There was a Cormorant (or Shag) in close on the high tide this morning. We normally only see them far out in the bay but this one was within 20 metres of the shoreline, bobbing gently on a steely-coloured, lightly-rippling sea. It didn't hang around for long: it's large black wings carrying it off across the water using a slow "ground-effect" flying technique similar to that of a Heron.

I can't tell Cormorants and Shags apart. On a grey morning like this morning, even with binoculars, it's hard to pick out the differences. So, I've done a bit of research on Wikipedia and I now think that it's most likely that we have been seeing Cormorants Phalacrocorax carbo.

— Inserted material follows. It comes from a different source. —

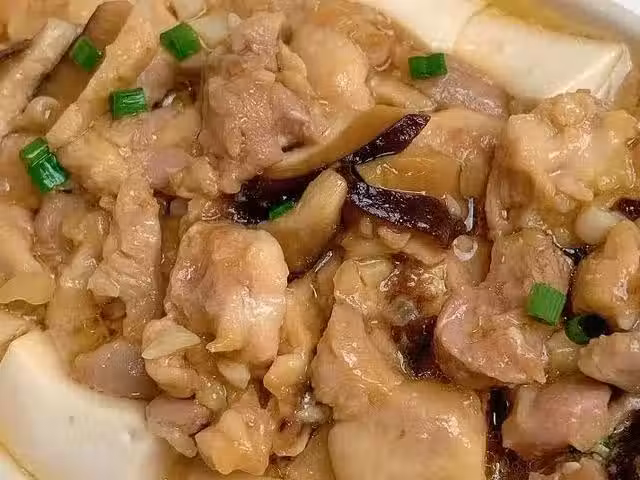 準備食材:嫩豆腐,雞腿肉,香菇,薑絲,蒜末。
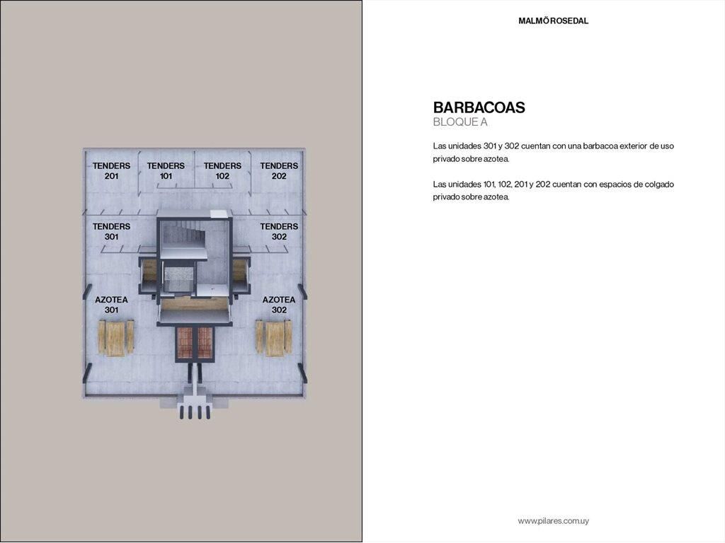 BLOQUE B - FONDO- 3 APARTAMENTOS de 1 Dormitorio- 2 APARTAMENTOS de 2 Dormitorios- 1 APARTAMENTO de 2 Dormitorios con barbacoa privada - Espacio de tenders generales en azotea

They are larger and less uniformly black in their summer plumage than Shags Phalacrocorax aristotelis. There still seems to be some confusion about the naming though, with Phalacrocorax carbo being known as "Great Black Cormorant" in much of Europe but "Black Shag" in New Zealand.

The sun has just burst through the clouds and begun playing clicky-havoc with our black plastic guttering. I might, after all, be able to tackle the expanse of docken-infested fecundity which our lawn has become of late.

I should mention the spectacular very-nearly-full moon we watched last night. At first it was completely masked by clouds but it gradually emerged from the rust/blood-coloured plume to shine onto the bay in all its cold-gleaming glory. We admired it through binoculars before turning the lenses towards Jupiter - the only other naked-eye visible object in the sky last night. We were just able to make out the pinprick of a moon, probably Ganymede.